# Detection of Food Allergens in Human Milk

> **NIH NIH R03** · UNIVERSITY OF ROCHESTER · 2021 · $77,000

## Abstract

The role of maternal diet including or excluding highly allergenic foods in the development of food allergy in
the infants is still unclear. There are no randomized controlled trials assessing maternal food allergen
consumption during pregnancy or lactation on development of allergy to foods, including milk, egg or peanut in
their infants. Retrospective studies, which are subject to recall bias and reverse causality have reported
conflicting findings; so have murine models. The significant limitation to all the studies assessing the impact of
maternal ingestion of peanut during lactation on infant's risk of food allergy is that the presence and the amount
of maternal dietary antigen transmitted to human milk was not assessed. Because published data has
documented variable levels of food antigens in human milk, this seems an apparent variable to control for in
future clinical trials that include or exclude food antigens in mother's diet to assess development of food allergy
in infants.
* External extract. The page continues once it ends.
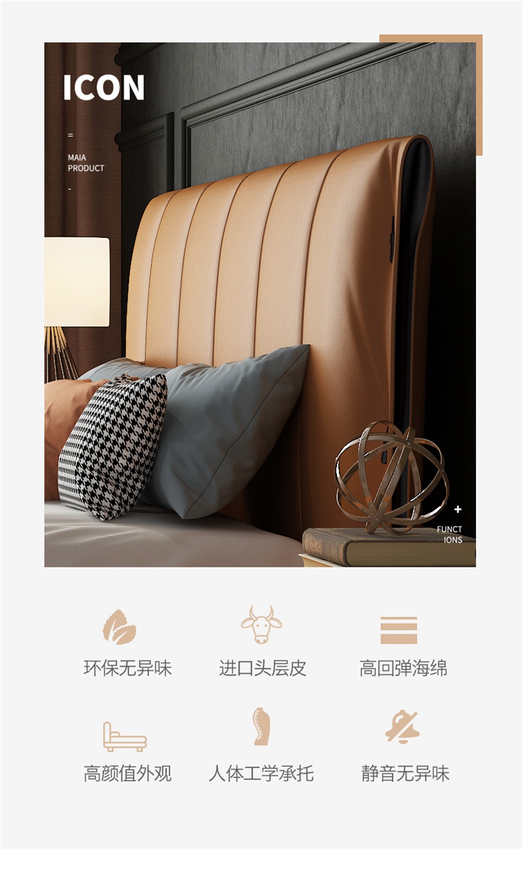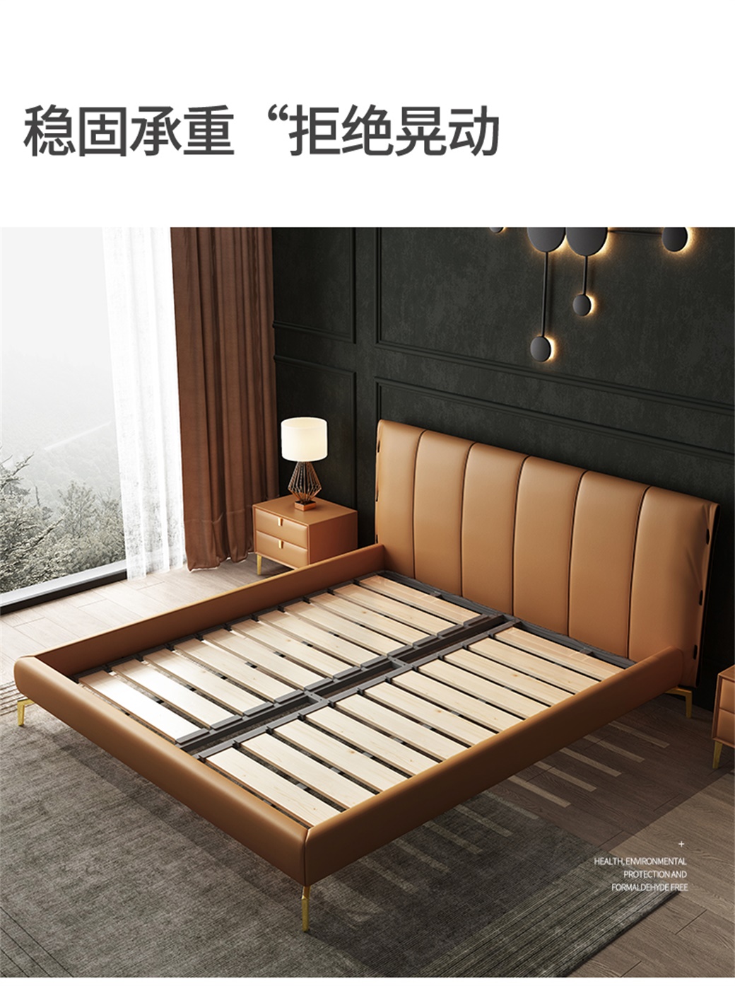 【简奢家】轻奢 接触面真皮+高密度海棉+白鹅羽绒+全实木内架+不锈钢五金脚 1.8米床

In addition, birth cohort studies that assess development of multiple food allergies would benefit from
a method to allow detection of multiple common food antigens simultaneously from human milk samples. In
addition, a clinical conundrum encountered in daily management of breastfed infants is whether a mother needs
to avoid highly allergenic foods if her infant shows symptoms suggestive of food allergies.
 There is no commercially available, validated assay for detecting food antigens in human milk. The published
data report large variation in peak concentration of peanut and results on kinetics are contradictory. Other
common food allergens, such as cow's milk, hen's egg and wheat are not as well-studied. Therefore, we propose
to develop the assay on a platform that easily allows multiplexing to assess a variety of allergens at once, thereby
providing a broad picture of the nature and kinetics of food exposure through mother's milk, which could be
utilized in future maternal dietary intervention and general cohort studies assessing development of food allergy
in the infant. Furthermore, we propose to verify the biologic functioning of the detected antigen by current gold
standard, basophil activation test (BAT) and to compare levels between mothers with healthy infants and those
with infants with symptoms suggestive of food allergies. Subsequently, this assay could be expanded to other
food antigens and used to characterize the circumstances in which mother's dietary antigens are transmitted in
their milk and should be avoided for the benefit of the infant. This would provide personalized medicine therapies
for breastfed infants suffering from food allergies with significant nutritional and quality of life impact.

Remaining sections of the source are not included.